AIB expected to follow suit as BoI reveals interest rate rise
AIB is expected to move within days to hike its variable mortgage rates after Bank of Ireland said yesterday that rates would rise by 0.5pc next month.
Bank of Ireland consumers are also to be hit with higher overdraft, credit card and loan rates. Business overdraft and loan rates will also rise.
The bank said it would push up interest rates for variable rate mortgage customers by 0.5pc next month.
A family with a €300,000 mortgage will see their repayments jump by €90 a month from September 22.
The bank, and its subsidiary ICS Building Society, had held off from pushing through the two European Central Bank (ECB) rate rises this year to variable-rate customers.
But now that it has moved to pass on the ECB increases, the move is expected to be replicated by AIB.
This is despite the fact that economists believe there will be no more ECB rate rises for at least a year, with some believing that the next move could be a cut in the eurozone rate.
ECB bosses have been forced to reverse their policy of gradually rising rates because of the financial crisis in the eurozone.

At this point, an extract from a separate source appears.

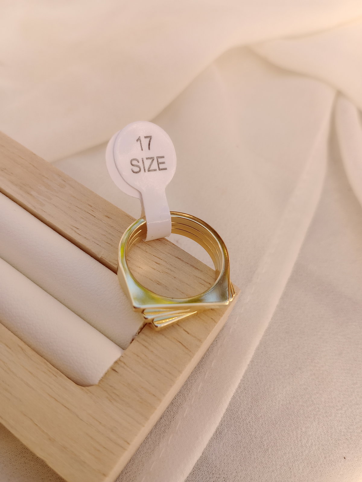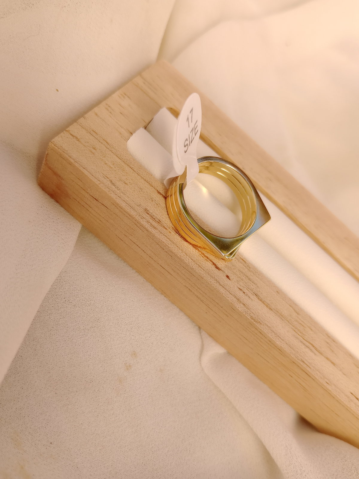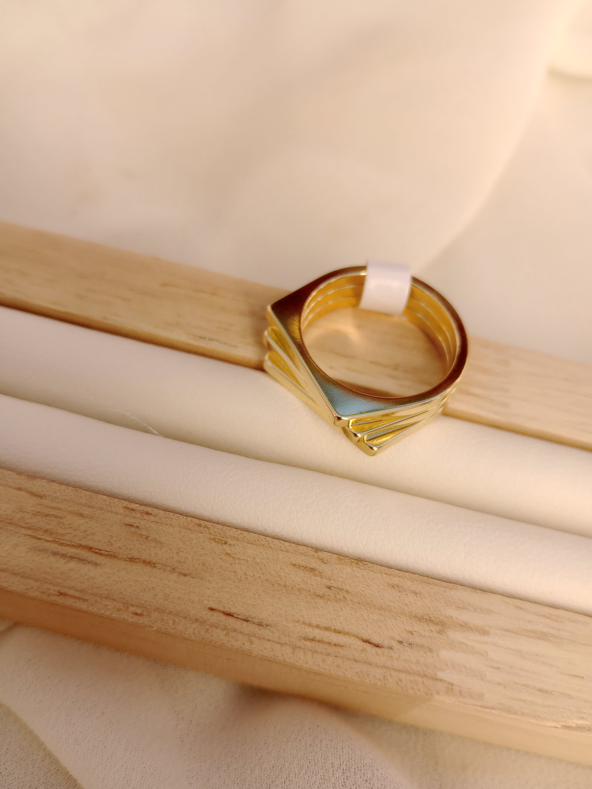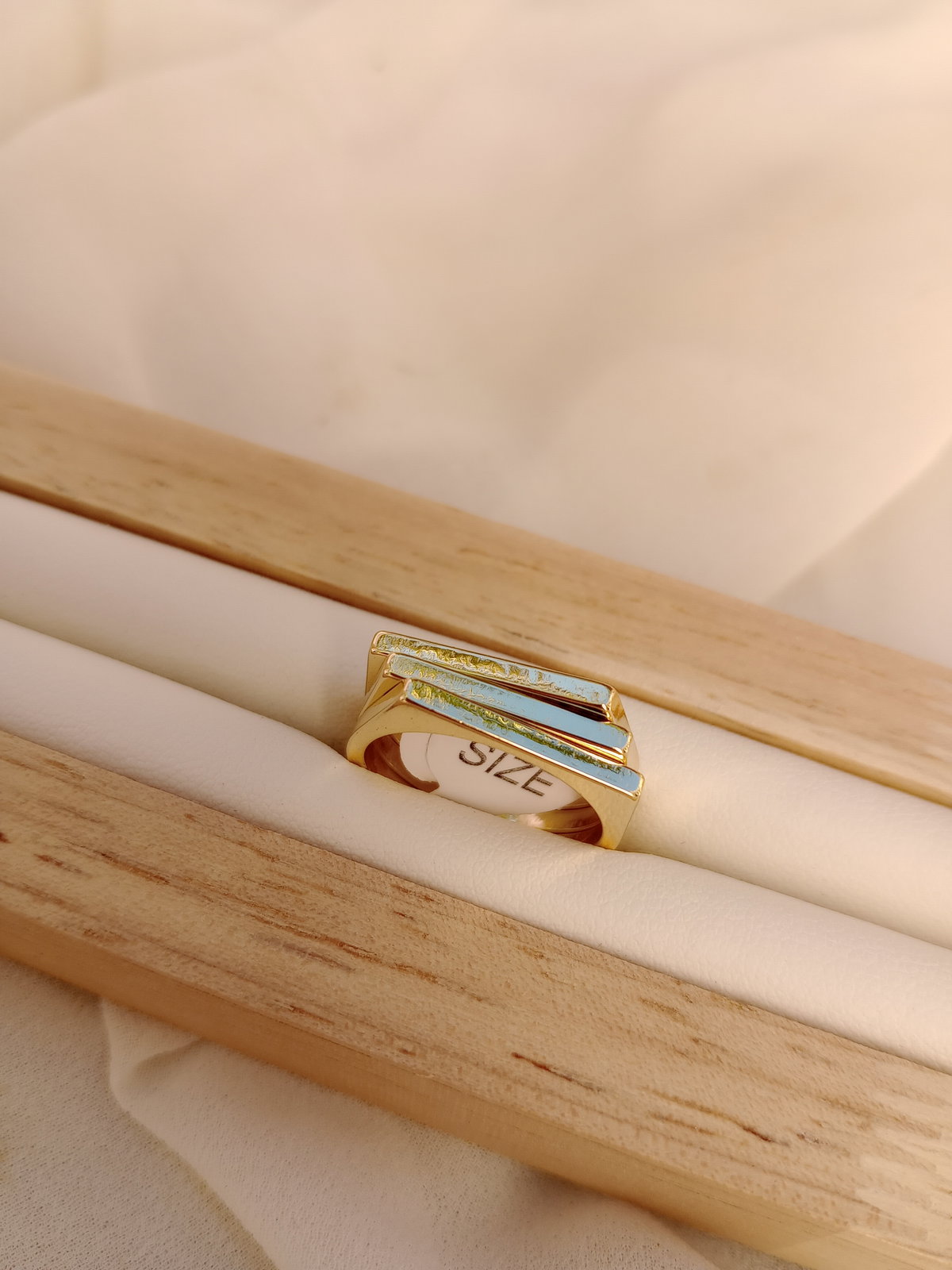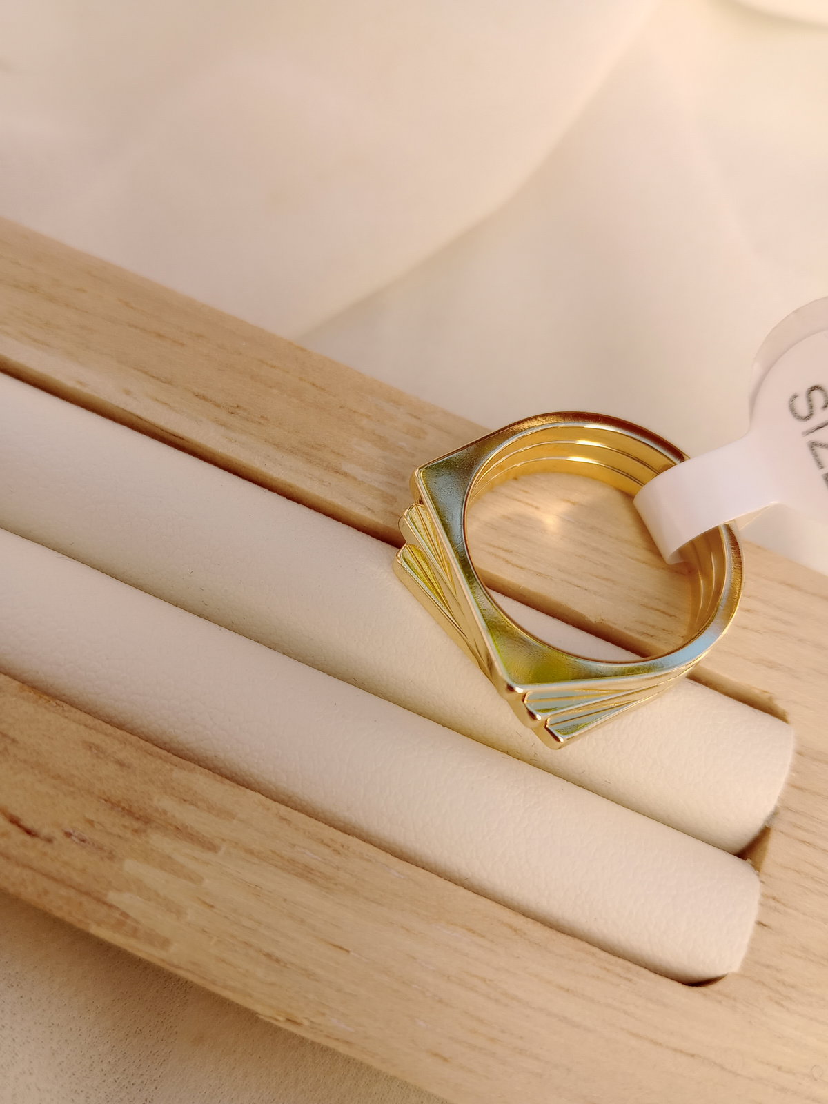 Geométrico 3 en uno. Este anillo sello en acero dorado presenta la sensación de ser 3 anillos en uno. combinando la solidez del diseño cuadrado con un toque de color fresco y moderno. Una pieza que suma carácter a cualquier look sin esfuerzo.

The ECB hiked its main rate by 0.25pc in April, and again by the same percentage last month to take the eurozone lending rate to 1.5pc.
Bank of Ireland also said thousands of its credit card customers will be hit with interest rates rises of 0.5pc from October 17. This will mean the Twin card will have an interest rate of 22.8pc for purchases, with the rate on the standard credit card going to 21.6pc.

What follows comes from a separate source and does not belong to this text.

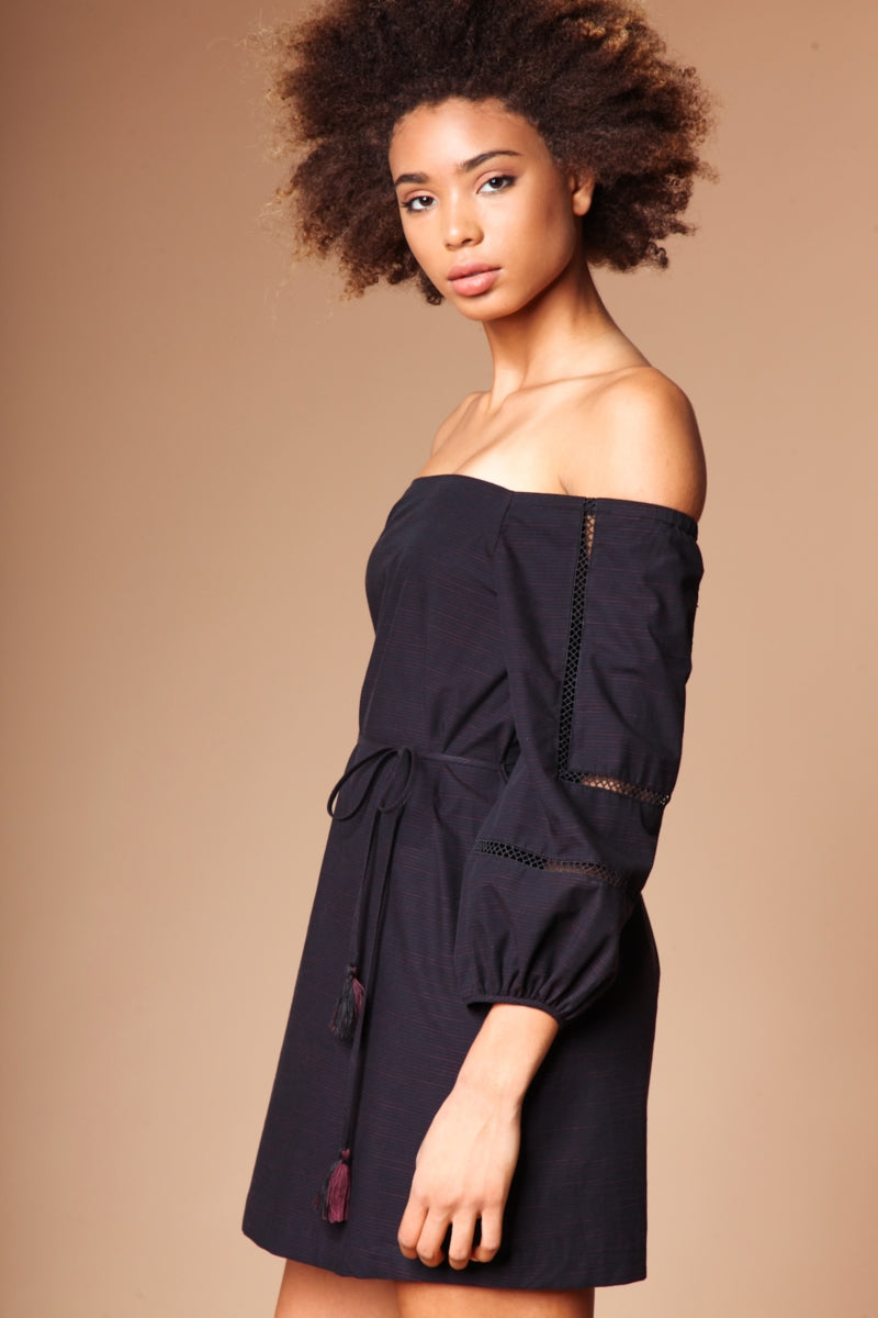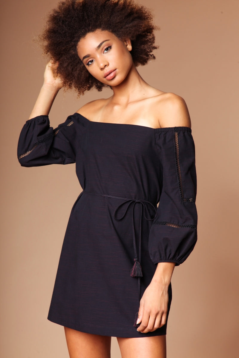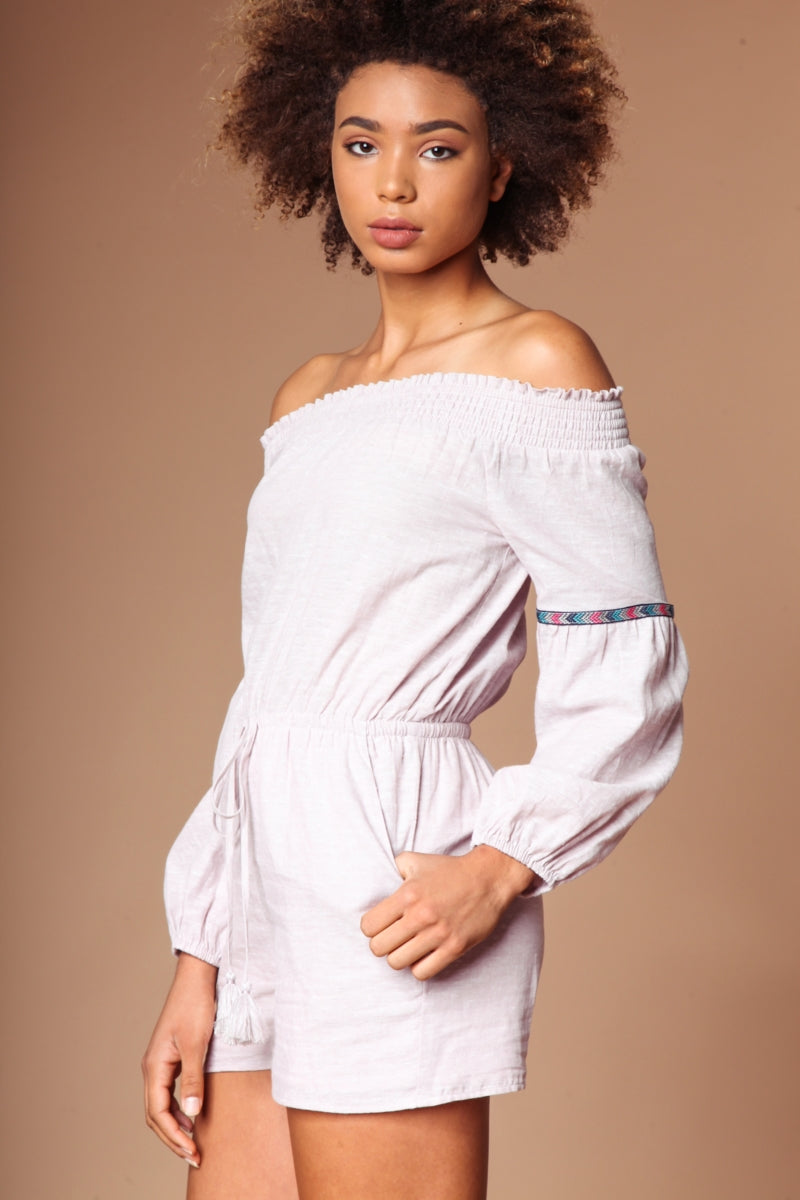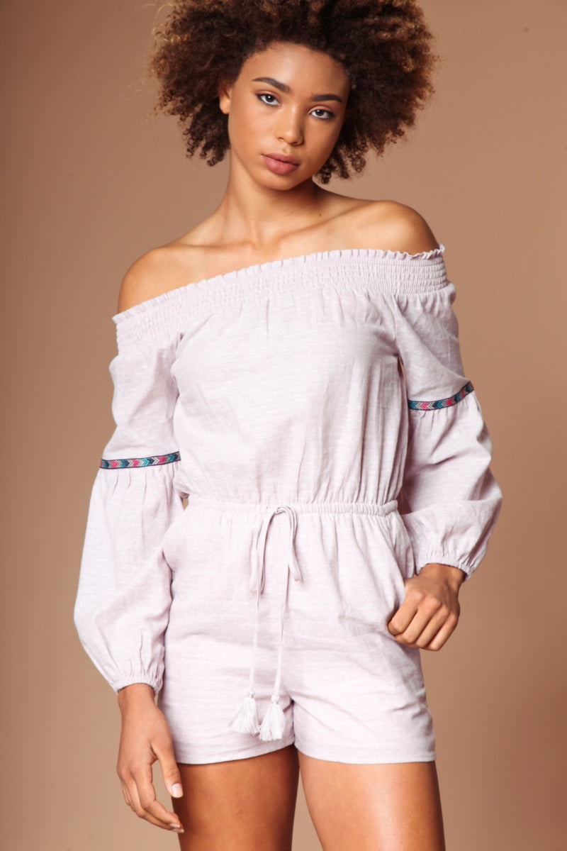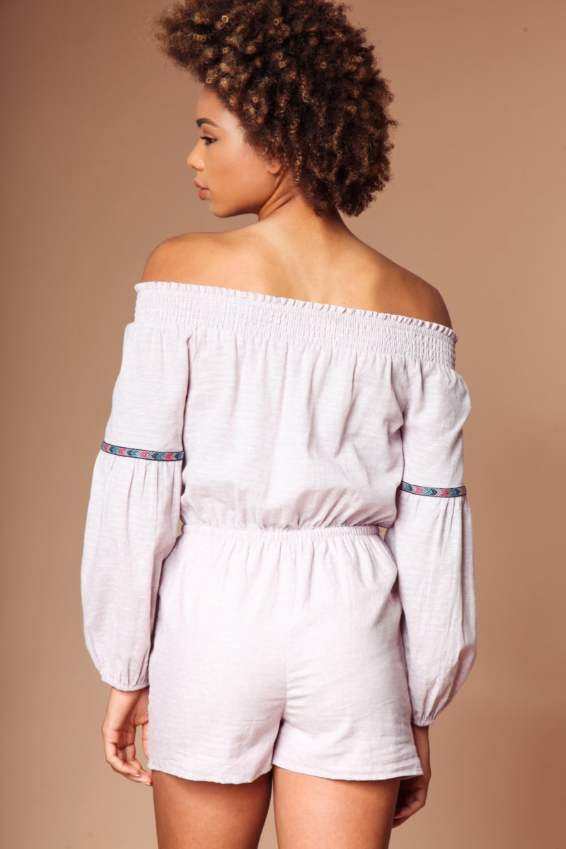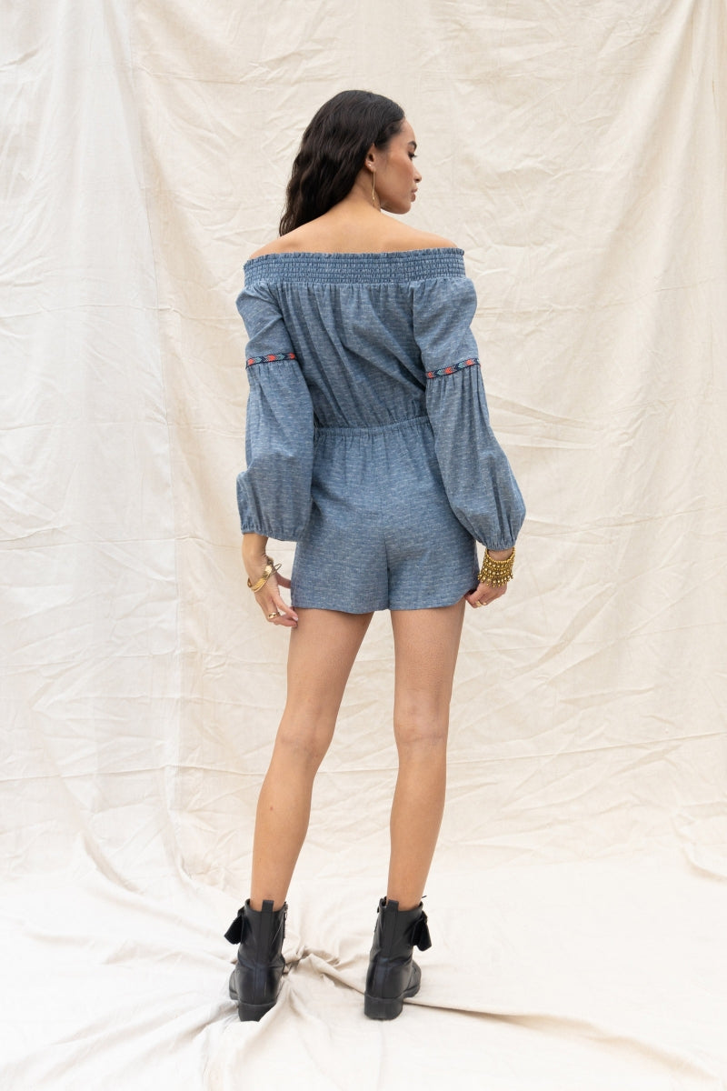 Embroidered Off Shoulder Pigment Dyed Blouse

Personal overdraft rates will shoot up by 0.5pc from Thursday, August 25, with personal loan rates going up by 0.25pc from the same date.

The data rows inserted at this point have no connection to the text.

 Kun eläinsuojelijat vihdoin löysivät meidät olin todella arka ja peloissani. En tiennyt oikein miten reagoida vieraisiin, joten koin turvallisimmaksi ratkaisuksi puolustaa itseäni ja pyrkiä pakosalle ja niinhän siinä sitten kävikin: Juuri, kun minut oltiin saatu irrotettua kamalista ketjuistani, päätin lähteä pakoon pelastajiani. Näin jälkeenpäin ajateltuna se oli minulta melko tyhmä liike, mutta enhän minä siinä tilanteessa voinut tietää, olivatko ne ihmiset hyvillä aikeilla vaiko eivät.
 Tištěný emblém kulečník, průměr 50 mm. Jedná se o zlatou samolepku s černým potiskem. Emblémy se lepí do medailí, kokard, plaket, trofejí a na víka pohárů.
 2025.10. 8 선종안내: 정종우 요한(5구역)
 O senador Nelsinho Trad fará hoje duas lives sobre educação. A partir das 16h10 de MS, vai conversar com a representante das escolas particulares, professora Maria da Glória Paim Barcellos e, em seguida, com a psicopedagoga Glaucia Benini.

The hike will see consumer overdraft rates jump from 14.8pc to 15.3pc. Students and graduates will not see their loan rates go up.
Earlier this year the bank started to impose charges of up to 28c per transaction on those who do not meet strict conditions to qualify for free banking on their current account.
Both business overdraft and loan rates are rising by 0.5pc later this month. The bank is also hitting buy-to-let investors with higher mortgage rates.
Already 5pc of BoI's owner-occupier mortgage holders are in arrears of more than 90 days -- up from 3.7pc at the end of December. It is anticipated that numbers in arrears will continue to rise.